SQL Server – Identifying the Biggest Bottleneck in Writing Data

optimizationparallelismperformancequery-performancesql server

I'm running an ETL process that is writing about 2 million rows to a SQL Server database.

I'm trying to optimize the time it takes for pure inserts (I guess updates is a different story).

I'm wondering what the biggest bottleneck is, or best way to reduce time, for basic inserts into a SQL database.

I mean, the first thing, probably, is the size of the data, right? Both the number of rows, the number of columns, and the data size in each column. Some of these may not be able to be minimized, the KB/ footprint of each row is one thing that can be potentially optimized, right?

What else can be optimized or is the largest factor? Is it the transmission medium? I mean, how much magnitude of difference is there between writing to a database that's on the same computer, vs writing across a web connection (that is robust, fast, and has a ping of 1 ms?).

Finally — why is it that multiple parallel connections to the database seem to speed up the process to a point? I mean, when I have 20 connections making inserts round-robin style, it's about 6-7x faster than one connection writing ALL the data. I'm curious why this is.

Right now I have 2.2 million rows totaling 2.7 GB. That's 1.23 kb per row.

Right now inserting 1000 rows at at time (1.23 MB) using 14 connections takes 6.7 seconds. That's a snail-paced 10.66 rows per second. Even assuming 1 connection would be just as fast (it isn't) that's 150 rows/ second at best, which is not exactly "fast" either. I'm writing over a super-fast, robust web connection b/c we can't have the ETL process on the same space as the data warehouse.

So .. how can I optimize for speed here?

The reason for 1000 rows at a time is because the data comes from pages of 1000 – but optimizing the parsing is a separate issue for now.

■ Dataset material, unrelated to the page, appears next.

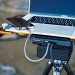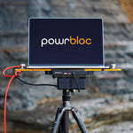 Powrbloc Megawatt uses readily available 14.8V V-Mount or Gold Mount batteries. Unlike most power adapters, Megawatt can supply the MacBook Pro the power that it needs. Megawatt skips the power waste found in most DC-AC battery inverters and converters and gives you true DC-DC efficient performance.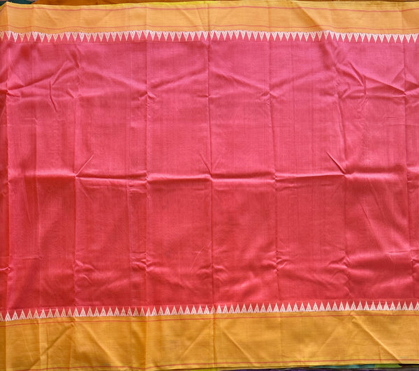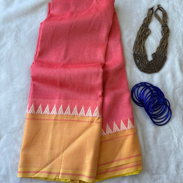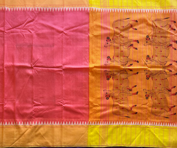 Crafted from exquisite flamingo pink and yellow silk cotton and meticulously handwoven on a traditional pit loom, this saree features a Pichwai painting print on the pallu. Complete with a contrast yellow running blouse. This saree is perfect for those who appreciate the beauty of traditional handcrafted art.

I do have one primary index I believe, but nothing too write-expensive. Right now I've simply been doing Monte Carlo like testing (try it and see what works) but I need something more focused.

Best Answer

You need to go an read:

You have to read each link. Really. The short story is that efficient loading must use bulk insert and achieve minimal logging. SSIS is by far the better tool for that, but you can achieve this also programatically. OleDB is the best, but SqlClient (C#) will also do, if needed. Things like row size, network speed and the like are unlikely to be your concern here, but you should always measure (and the articles linked will teach you how). Load performance should be completely orthogonal to existing DB size, if load speed decreases as the DB size increases you must be doing something wrong.

Finally --- why is it that multiple parallel connections to the database seem to speed up the process to a point? I mean, when I have 20 connections making inserts round-robin style, it's about 6-7x faster than one connection writing ALL the data. I'm curious why this is.

I'll be speculating, due to lack of any investigation and measurement. But most likely you are now blocked by commit flush rate: every time you COMMIT SQL has to stop and wait for the log to be written to disk. If you do not explicitly begin transactions then every statement must stop and wait. Adding more loaders causes causes better log utilization, the log gets committed for 20 writers at once. Read What is an LSN: Log Sequence Number.